Calling Mr. Spock
Bishop attacks 'logic' of politician's pro-choice stance

How can you tell if a person's -- or an institution's -- opposition to abortion is simple misogyny, or is based on a sincere belief that abortion is the killing of a human being? Look to the person's -- or institution's -- position on birth control. If you really thought human life to begin at conception, and you wanted to reduce the number of abortions, you would support artificial contraception, no?

And so it is that your blogstress has come to the sad conclusion that the bishops of the Roman Catholic Church, the church of her baptism and upbringing, find the justification for their bullying behavior on abortion in their disdain for women -- evidenced, as well, by their pathological need to keep women out of the ecclesiastical club.

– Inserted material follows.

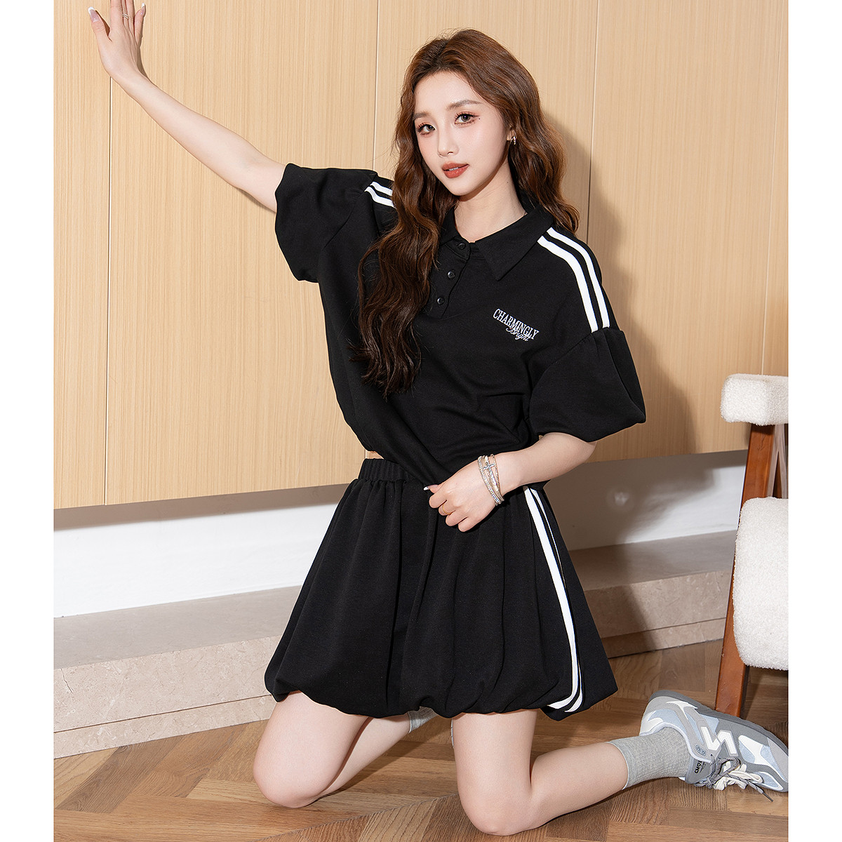 polo衫 花苞半身裙一整套黑色穿搭Q 女夏新款 唐狮休闲运动套装

Today we find the bishops at it again, picking on poor Rudy Giuliani, who apparently has not had a bad enough week, what with the revelation that the Hero Mayor of 911 New York couldn't manage to make it to those inconveniently scheduled meetings of the Iraq Study Group and the indictment of his South Carolina campaign chief on cocaine charges. The bishops today came out slugging on the front page of today's New York Times:

Archbishop John J. Myers of Newark said: “I think he’s being illogical, as are all of those who take the stand that ‘I’m personally opposed to abortion but this is my public responsibility to permit it.’ To violate human life is always and everywhere wrong. In fact, we don’t think it’s a matter of church teaching, but a matter of the way God made the world, and it applies to everyone.”
If only Archbishop Myers would see the lack of logic in the church's opposition to contraception, which, in some of the world's poorer nations, probably kills more actual, fully formed humans, via HIV and childbirth, than pregnancies ended by abortion.